Scripting - designing revision 2
This section is for discussion of the new revision two scripting.
Objectives:
- ...
Pipeline:
- obtain xml
- From Special:Export for small (maybe order 1000 or so) page sets.
- Maybe from dump files for larger sets.
- See a sample wikipedia XML dump by going to http://en.wikipedia.org/w/index.php?title=Special:Export
- Assemble xml back into wikitext
- fields needed:
- <title> - the page title
- <text> - page text (in wiki syntax)
- <timestamp> - for use in determining if this page needs to be upgraded (see below)
- ...
- modifiy wikitext
- template blacklist
- Here the pipeline forks.

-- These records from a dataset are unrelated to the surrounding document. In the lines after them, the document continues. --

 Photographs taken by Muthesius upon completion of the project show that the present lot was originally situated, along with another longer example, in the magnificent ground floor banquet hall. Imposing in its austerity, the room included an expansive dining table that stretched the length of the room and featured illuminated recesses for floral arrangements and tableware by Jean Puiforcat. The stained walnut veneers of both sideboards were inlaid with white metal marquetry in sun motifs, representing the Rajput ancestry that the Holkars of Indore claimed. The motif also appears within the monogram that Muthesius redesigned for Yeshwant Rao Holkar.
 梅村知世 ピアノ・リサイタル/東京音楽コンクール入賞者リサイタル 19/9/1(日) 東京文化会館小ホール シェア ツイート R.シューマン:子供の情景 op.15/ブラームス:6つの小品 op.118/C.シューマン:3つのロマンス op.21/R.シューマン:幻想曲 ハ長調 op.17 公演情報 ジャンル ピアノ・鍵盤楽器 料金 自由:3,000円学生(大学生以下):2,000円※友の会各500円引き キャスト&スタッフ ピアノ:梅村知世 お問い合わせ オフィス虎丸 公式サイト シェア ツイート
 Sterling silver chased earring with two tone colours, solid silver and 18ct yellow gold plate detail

There are two paths:
- kid specified, runs on xo, low quality
- handwritten python wikitext->html conversion
- country specified, high quality
- use Save in a project subpage to render modifed wikitext on the original server.

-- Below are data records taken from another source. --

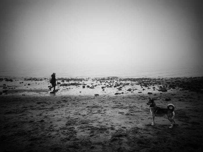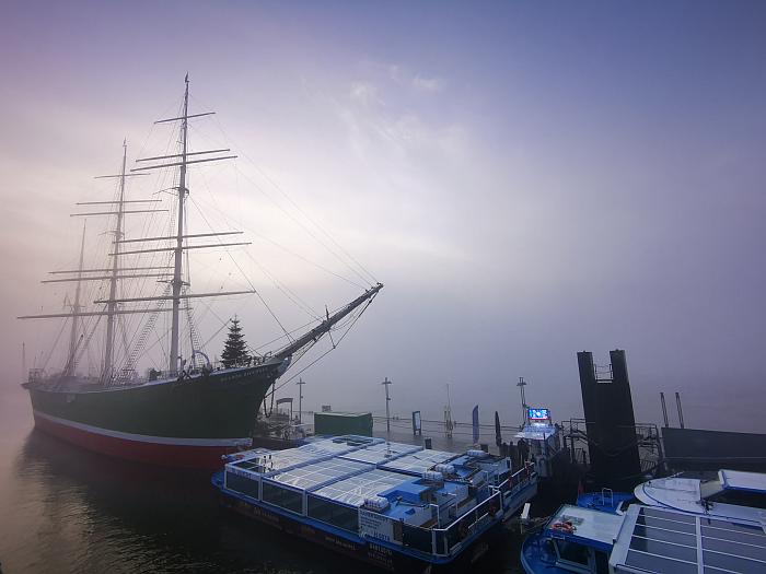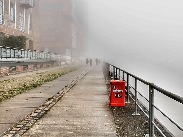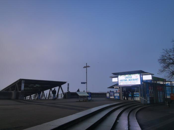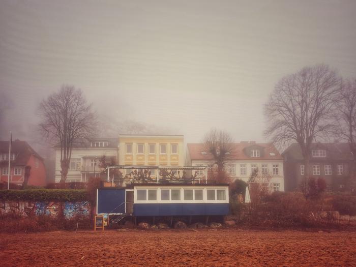 Am folgenden Morgen frühstückten wir in aller Herrgottsfrühe und machten uns dann mit der Bahn auf in Richtung Landungsbrücken. Dort stöpselte ich mir Kettcar ins Ohr und blickte von der Haltestelle … ins neblige Nichts. Es war eine magische Atmosphäre, du konntest kaum die Elbe sehen, geschweige denn die Elbphilharmonie oder die Containerkräne. Immerhin fuhr die Linienfähre Richtung Finkenwerder – ein gewagtes Unterfangen. Wir ließen uns am Oberdeck den Wind um die Ohren wehen, und alle Naslang dröhnte das Nebelhorn über den Fluss – so schipperten wir über die Elbe, vorbei am Fischmarkt und Övelgönne bis Finkenwerder und retour. In Övelgönne stiegen wir aus, die Ausflugsboote warteten auf besseres Wetter. Wir liefen am nebligen Elbstrand entlang und oben auf dem fast menschenleeren Fußweg vorbei an den alten Kapitänshäuschen zurück.
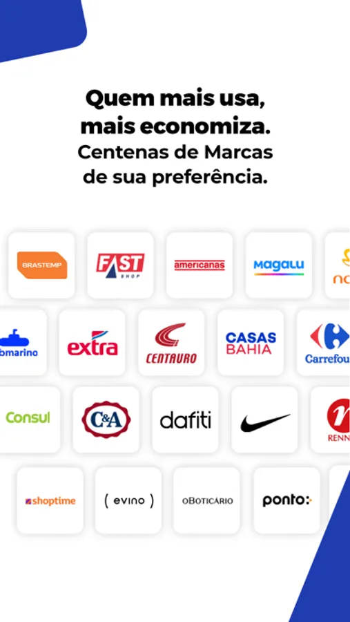 Navegue por um cardápio de ofertas com marcas parceiras de diversos segmentos.
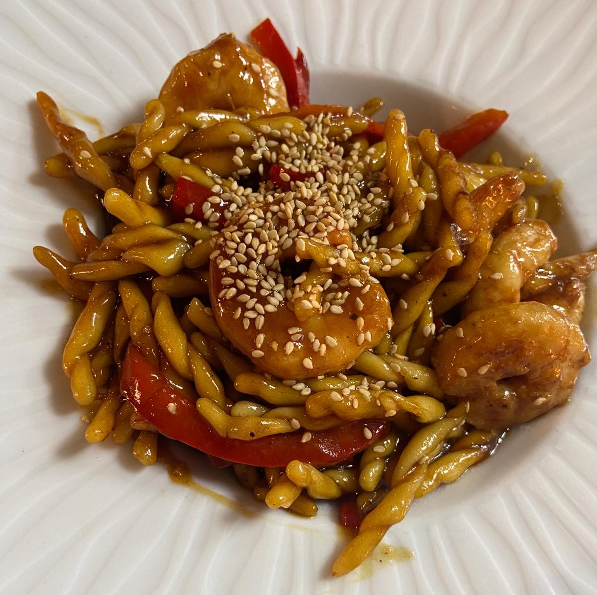 Fresh trofie pasta, fresh peppers, wok sauce, prawns
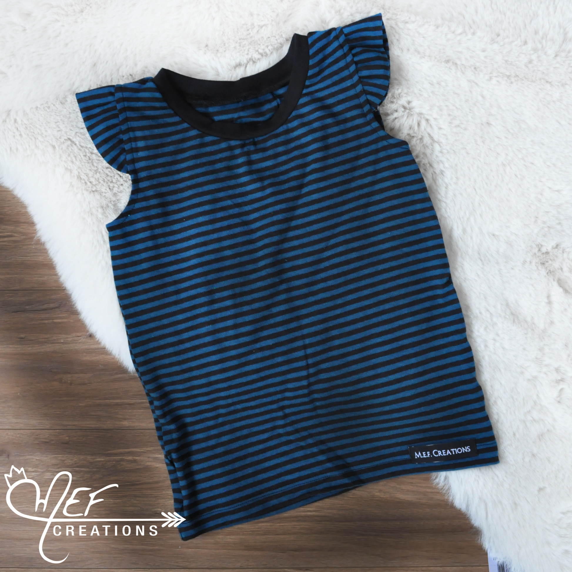 Débardeur fillette à volants rayé pétrole et noir
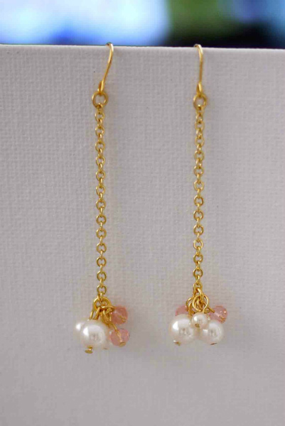 白とピンクの半円のパールビーズと
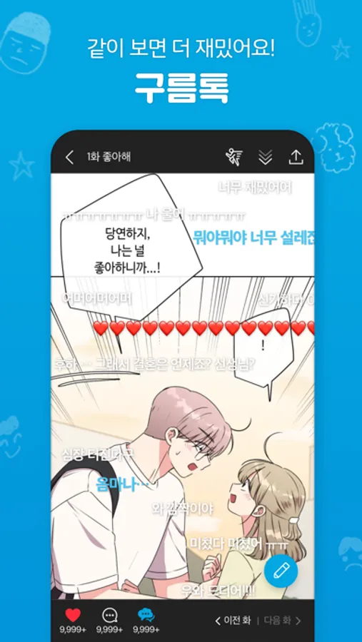혼자보기 아까운 장면을 발견했다면, 내 댓글을 구름처럼 띄워보세요. 실시간으로 다른 독자들의 반응도 볼 수 있답니다.
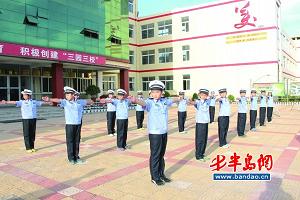 该校还协调交警大队在校园内设置了一条交通安全教育马路,让学生在这里模拟安全出行,认识各类交通标志,学习交通规则;建有一个校园交通安全文化小广场。专门制作了交通安全宣传画,通过鲜活的案例和图片讲解,增强安全教育的说服力。图为小交警们在练习交通指挥手势。
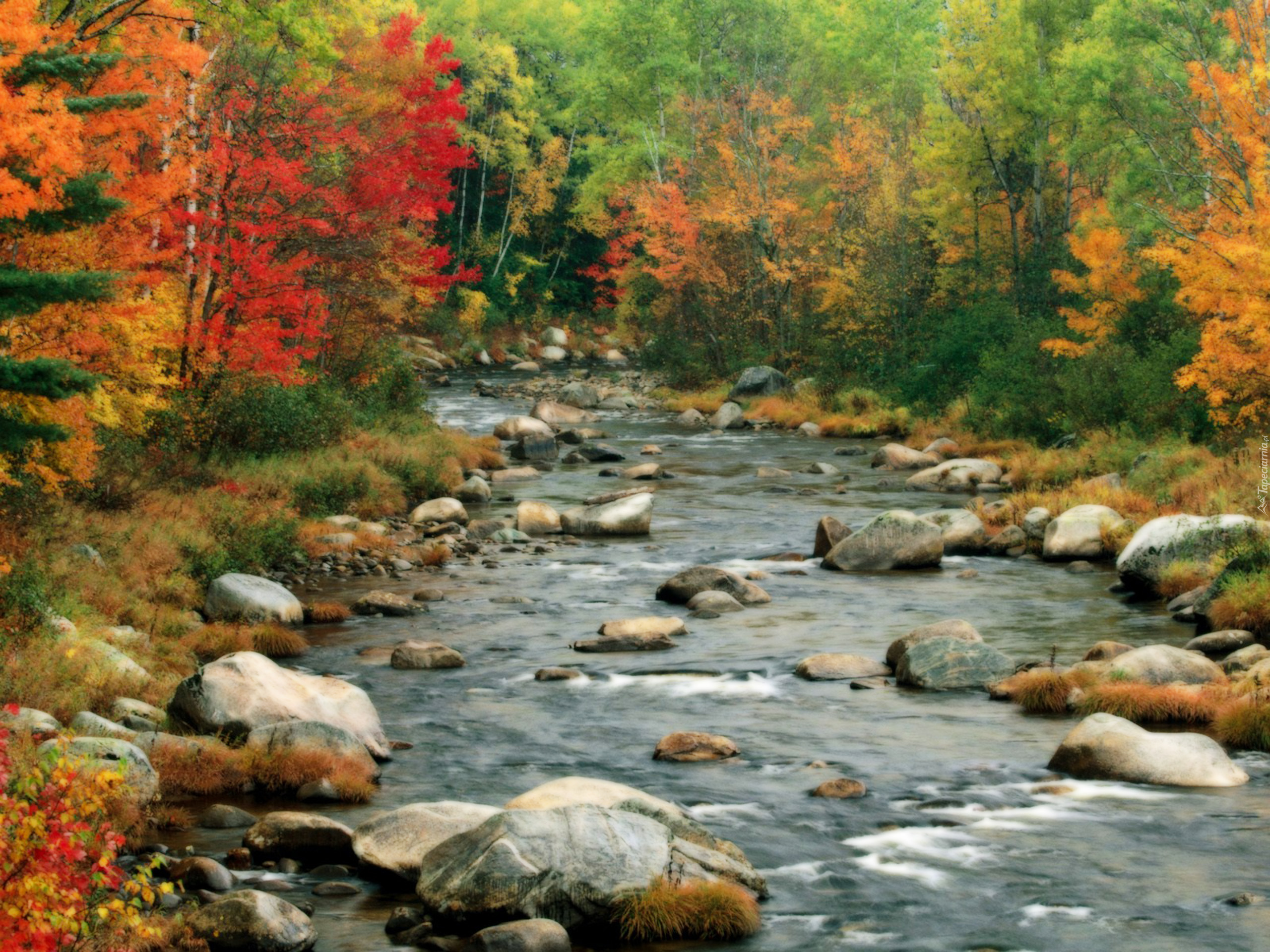 Edytor tapety: Jesień, Rzeka, Kamienie, Las

- scrape resulting html and images
- extract core html, and rewrap with olpc "frame".
- kid specified, runs on xo, low quality
Re handwritten python wikitext->html conversion:
- Pilaf's InstaView js script is one existant prototype.
- OpenWetWare's Dewikify System
- Is there anything better out there, to use as tool or prototype?

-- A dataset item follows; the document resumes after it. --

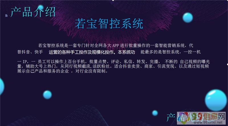 智控系统是一套专门针对短视频APP进行批量操作的一套智能营销系统,代替了抖音运营的各种手工操作及规模化操作。一个人就可以操作上百甚至上千台手机,一机一卡一IP,全自动化模拟人工操作,批量点赞,评论,私信,转发,完播,不断的增加自己视频的曝光量,辅助大号上热门,从同行视频截留活跃粉丝,直播间自动发言,可以提前设置沟通内容和主播进行互动,还可以点击购物车购物,直播间评论带节奏。9 9 x i n x i n e t
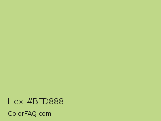 Hex #bfd888 Color is a light lime color and the nearest color is Medium Spring Bud #c9dc87. Hex code #bfd888 and RGB value is rgb(191,216,136). In RGB color space, this color is composed of 75% red, 85% green, 53% blue, In CMYK color space, this color is composed of 12% cyan, 0% magenta, 37% yellow , 15% black , In HSL color space, this color has a hue angle of 79° , 51% saturation and 69% lightness.

- The conversion should be able to take the wikitext on Talk:One encyclopedia per child/sample_wiki_text and convert it to the html that mediawiki does. (This defines a set of unit tests that must be passed for the converter).
feature requests
break out the task into subtasks, such as the following:
- how to get xml dumps
- how to do screen scraping (may be deprecated, but a short description pointing to code)
- how to whitelist templates; the kinds of templates to watch out for. what they look like in wikitext, what they look like rendered
- how to take in a list of keywords
- an algorithm for finding other languages' articles from an original list... [via wikitext or html]
- perhaps these links are listed at the bottom of the english page?
- an algorithm for pruning or keeping external links (can be based on a preference)
- a script for making links local
- an algorithm for checking to see which targets exist and removing links whose targets do not
- a script for grabbing thumbnails and resized images from articles.
- option to only take the first N images from a page
- option to leave out images larger then X
- option to include the source high-res image
- a script for grabbing metadata about the image, and a way to store that locally (also image: pages? if so, fine; make sure the href around the image points to the right place)
- a script for getting author data -- say, sorting through all authors from a dump and ordering unique authors by name with links to their contrib history online (as wikitravel does)
- --or just grabbing the last 5 non-minor authors from the page history
- a snapshot-update script that doesn't repeat all of this, keeps the same keyword list, but checks to see which pages have changed since last grab
- sj/irc 2007jul21:
ideally take the english body text from schools-wikipedia add the external links section from the current en:wp if it exists and grab the wp page for other languages... be sure to capture the article's oldid for anything that comes from wp so we can selectively update just a few oldid's if we find things that should be removed. the script should know the difference between "get this list of oldid's, with a blacklist of id's that should be replaced with sth new" and "generate a set of articles from scratch, with the newest pageids" we would do the latter every major revision, and the former for minor updates.